Hi, I am attempting to train a Siamese neural network that defines a particular embedding function f(x), while performing optimization simultaneously with a clustering model (Gaussian mixture model) on that embedding space.

I want the NN weights to be updated with respect to both a loss function that measures the quality of the embedding, but also the Gaussian mixture model variational loss (ELBO).
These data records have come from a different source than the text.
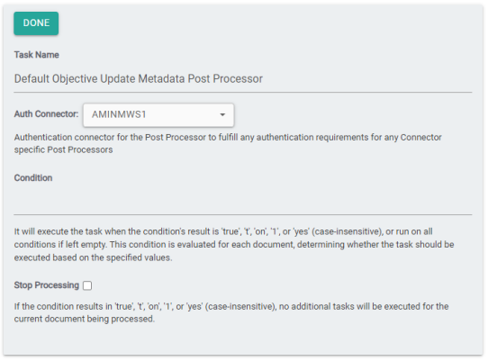 This post processor requires a valid ECM Authentication connector to be provided.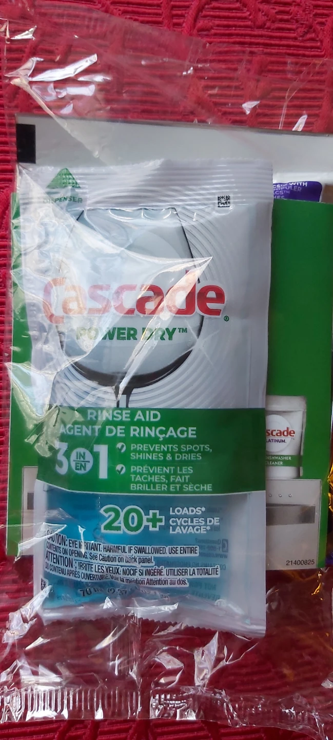 Selling a new package of Cascade Power Dry Rinse Aid! It prevents spots, shines, and dries your dishes. Good for 20+ loads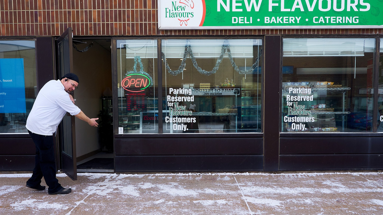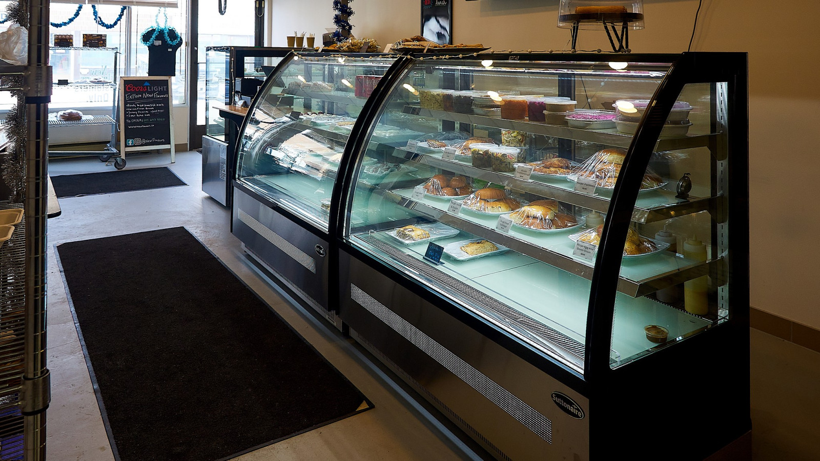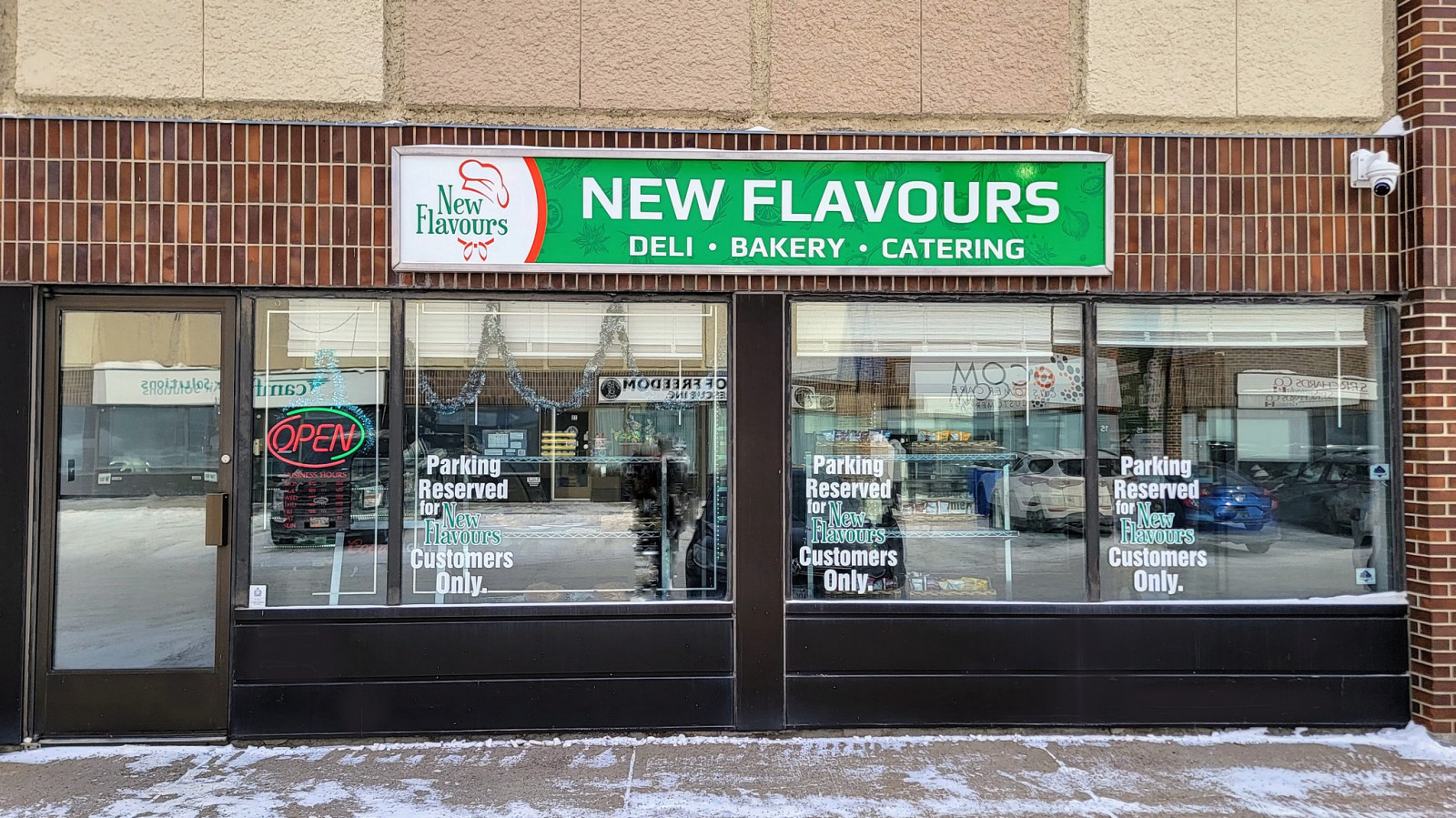 с названием New Flavours, который возглавляет Денис Берчанский. На вывеске магазина написано deli, сatering, bakery, что переводится на русский, как деликатесы, кейтеринг и пекарня. Кейтеринг довольно новое слово, плотно вошедшее в обиход, обозначает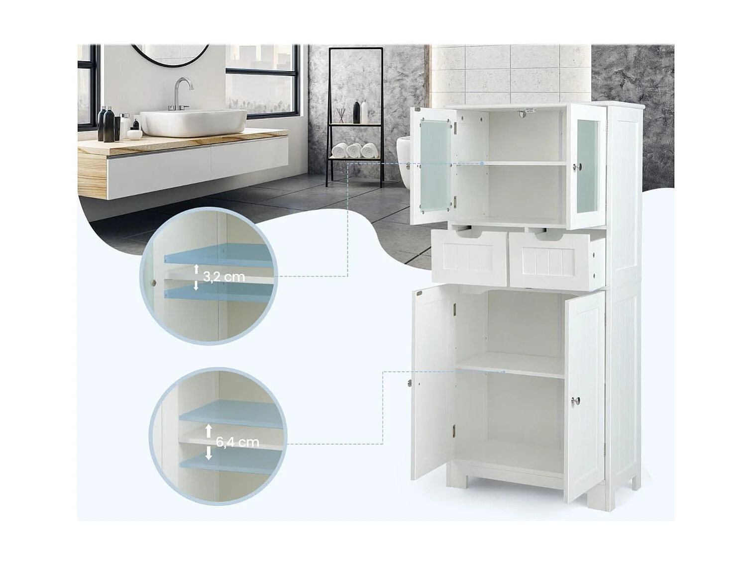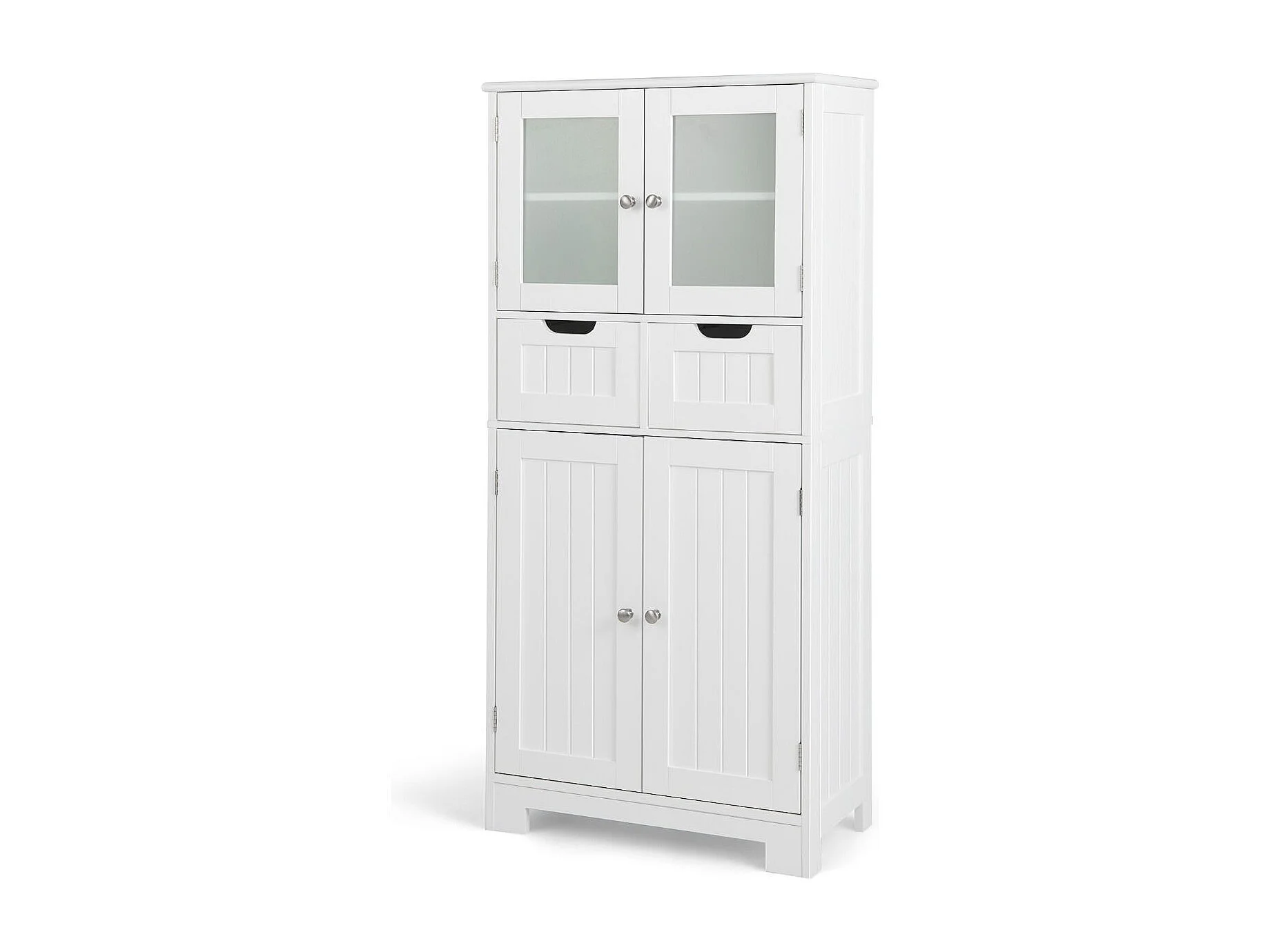 Credenza in legno Cassettiera per cucina - Bianco, 60x30x128 cm, MDF, vetro temperato, automontante

However, when I call loss.backward(), I get the following error:

`RuntimeError: Trying to backward through the graph a second time, but the buffers have already been freed. Specify retain_graph=True when calling backward the first time.`

Here is my code. I’ve omitted the GMM code and a few other functions are they are about 1000 lines and don’t seem particularly helpful to include.

```
class Siamese(nn.Module):
def __init__(self, input_size):
super(Siamese, self).__init__()
self.hidden = nn.Linear(input_size, 2)
self.out = nn.Linear(2, 2)
def forward_one(self, x):
x = self.hidden(x)
x = self.out(x)
return x
def forward(self, x1, x2):
out1 = self.forward_one(x1)
out2 = self.forward_one(x2)
dis = torch.norm(out1 - out2, dim=1)
return dis
data, labels = load_dataset()
net = Siamese()
net_optim = torch.optim.Adam(net.parameters(), lr=0.05, weight_decay=1)
# initialize weights, means, and covariances for the Gaussian clusters
concentrations, means, covariances, precisions = initialization(net.forward_one(data))
for i in range(1000):
net_optim.zero_grad()
pairs, pair_labels = pairGenerator(data, labels) # samples some pairs of datapoints
outputs = net(pairs[:, 0, :], pairs[:, 1, :]) # computes pairwise distances
embedding = net.forward_one(data) # embeds all data in the NN space
log_prob, log_likelihoods = expectation_step(embedding, means, precisions, concentrations)
concentrations, means, covariances, precisions = maximization_step(embedding, log_likelihoods)
loss = FullLoss(outputs, pair_labels, log_likelihoods, log_prob, precisions, concentrations)
loss.backward()
net_optim.step()
```

FullLoss is a loss function computed based on pairwise distances in the NN embedding space, in addition to the Gaussian mixture model loss (based on likelihoods relative to the current settings of the weights, means, and covariances).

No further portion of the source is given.